GIVEN MATERIAL:
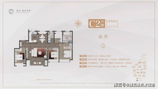 户型特点:户型设计兼顾功能性与舒适度,全明格局,南北通透,部分户型拥有大面宽阳台或飘窗,采光和通风效果良好。
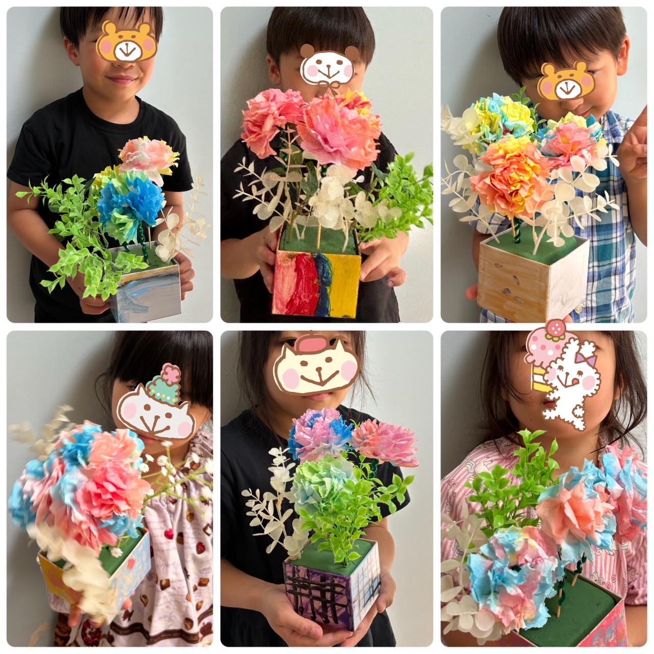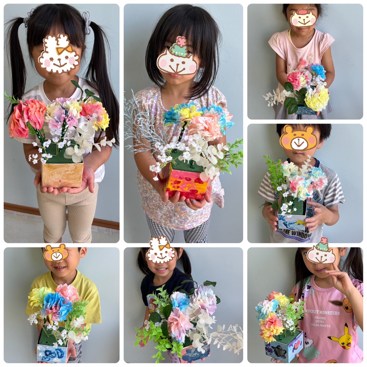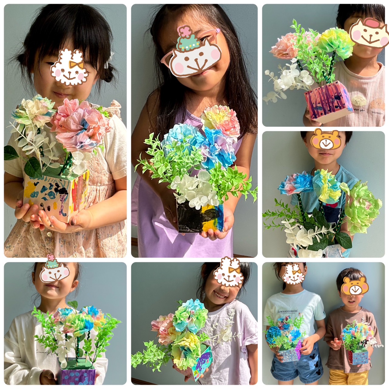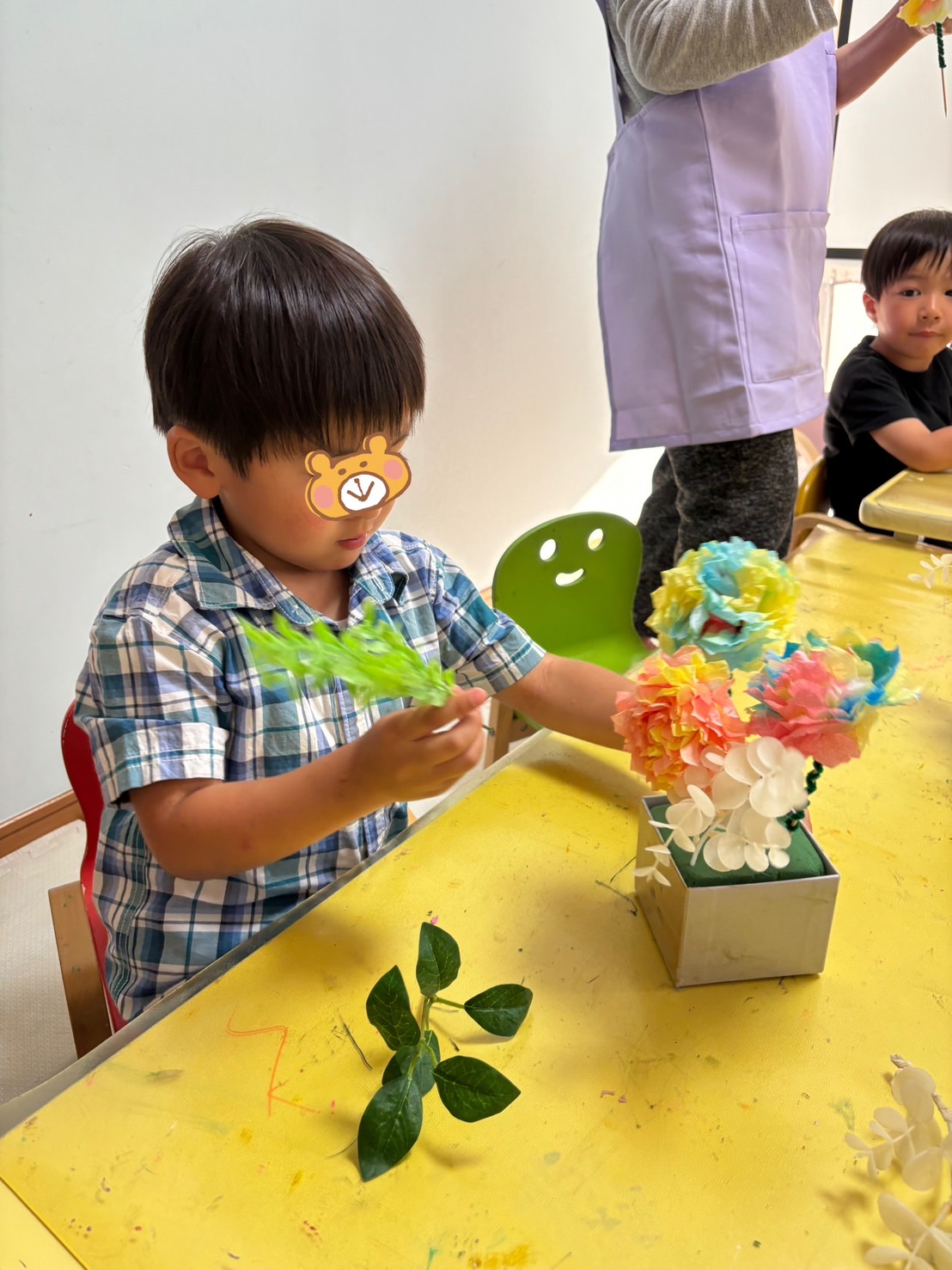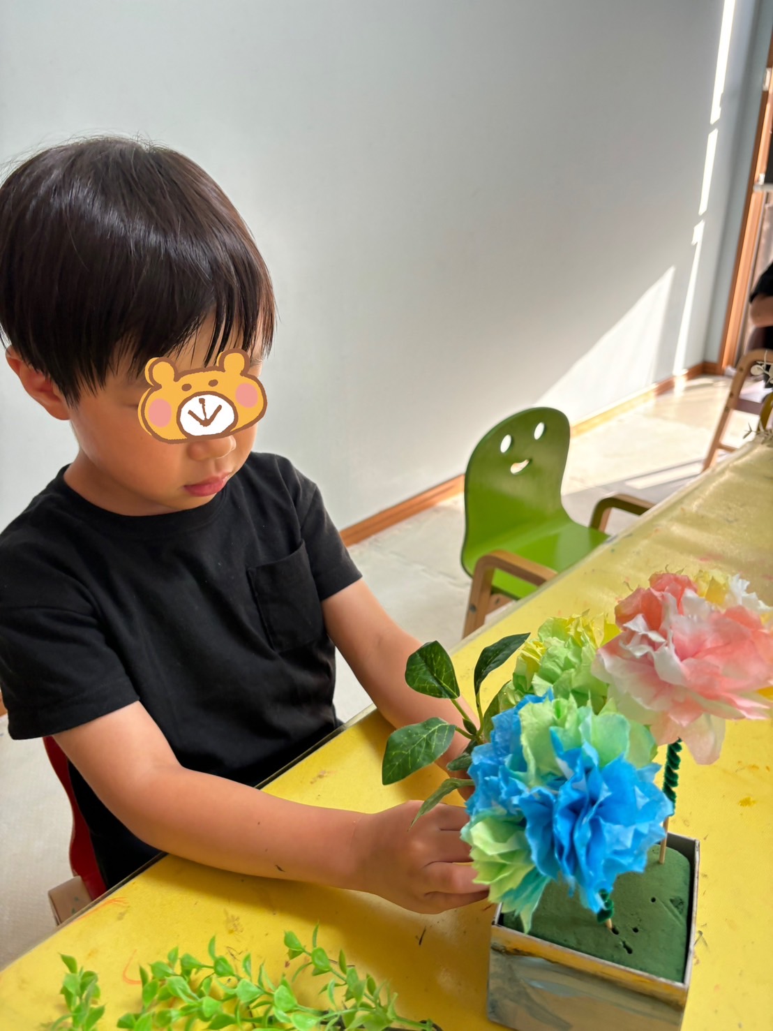 生花もどきに、どの葉っぱをどこに挿せば、お花がもっと素敵に見えるかなど考えて、一人一人が満足いった作品に仕上げられたのではないでしょうか?☺️🙌✨
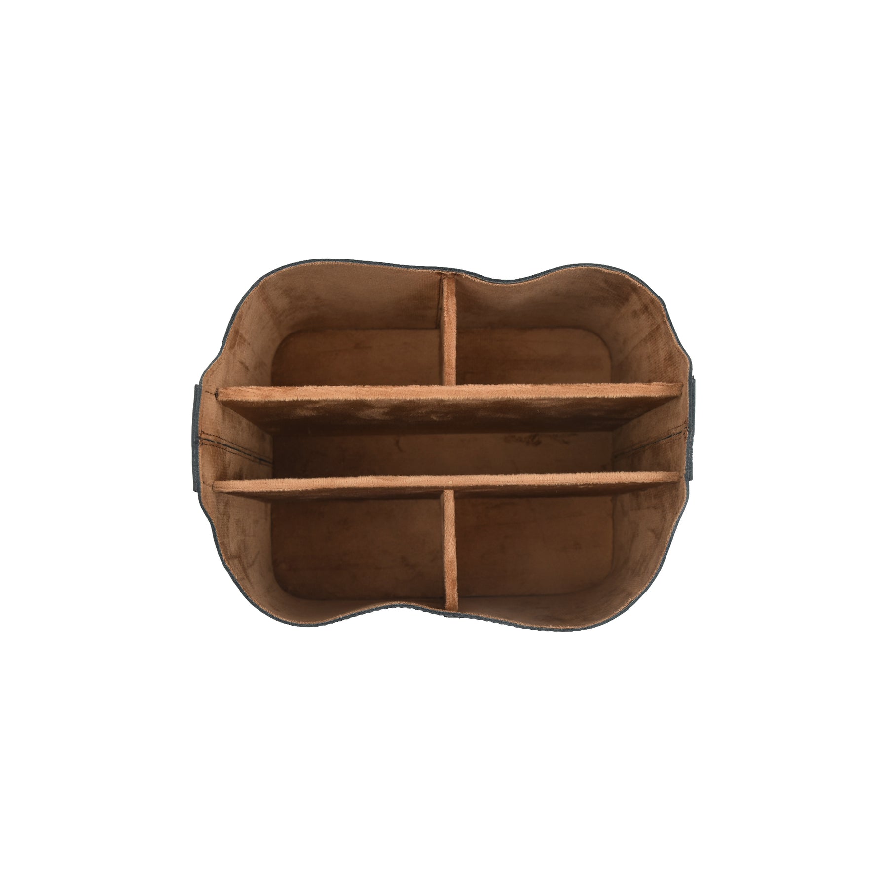 Brown leather storage organizer with beige interior on a white background
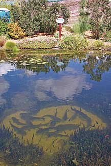 Whenever you first add (or replace large quantities of) the water, be sure and use a de-chlorinating chemical to remove chloramines from municipal water, or it will be hard on your underwater plants, and can kill fish within minutes. We selected many varieties of sub-tropical, and very colorful, fish as the final touch and the living voucher that our water quality is excellent, and clear enough to view the fish from above as if they were in an aquarium. We have tested and selected about 25 varieties of sub-tropical fish that are winter hardy on the Southern California coastal plain, and in fact, we have a greenhouse with spawning and raising pools where we grow our own fish. Soon after we added about 60 fish, they started reproducing wildly, and the numbers went to hundreds by the end of the summer! Our fish weren?EUR??,,????'???t content to stay in the bottom two pools. We found them at all ends of the stream, having overcome even two of our tallest waterfalls that crossed an air-gap of over 12 inches! We?EUR??,,????'???re talking leaping ?EUR??,,????'??salmon?EUR??,,????'?? here!

PROMPT:
Please output each line above exactly and omit all images.

COMPLETED EXERCISE:
 户型特点:户型设计兼顾功能性与舒适度,全明格局,南北通透,部分户型拥有大面宽阳台或飘窗,采光和通风效果良好。
 生花もどきに、どの葉っぱをどこに挿せば、お花がもっと素敵に見えるかなど考えて、一人一人が満足いった作品に仕上げられたのではないでしょうか?☺️🙌✨
 Brown leather storage organizer with beige interior on a white background
 Whenever you first add (or replace large quantities of) the water, be sure and use a de-chlorinating chemical to remove chloramines from municipal water, or it will be hard on your underwater plants, and can kill fish within minutes. We selected many varieties of sub-tropical, and very colorful, fish as the final touch and the living voucher that our water quality is excellent, and clear enough to view the fish from above as if they were in an aquarium. We have tested and selected about 25 varieties of sub-tropical fish that are winter hardy on the Southern California coastal plain, and in fact, we have a greenhouse with spawning and raising pools where we grow our own fish. Soon after we added about 60 fish, they started reproducing wildly, and the numbers went to hundreds by the end of the summer! Our fish weren?EUR??,,????'???t content to stay in the bottom two pools. We found them at all ends of the stream, having overcome even two of our tallest waterfalls that crossed an air-gap of over 12 inches! We?EUR??,,????'???re talking leaping ?EUR??,,????'??salmon?EUR??,,????'?? here!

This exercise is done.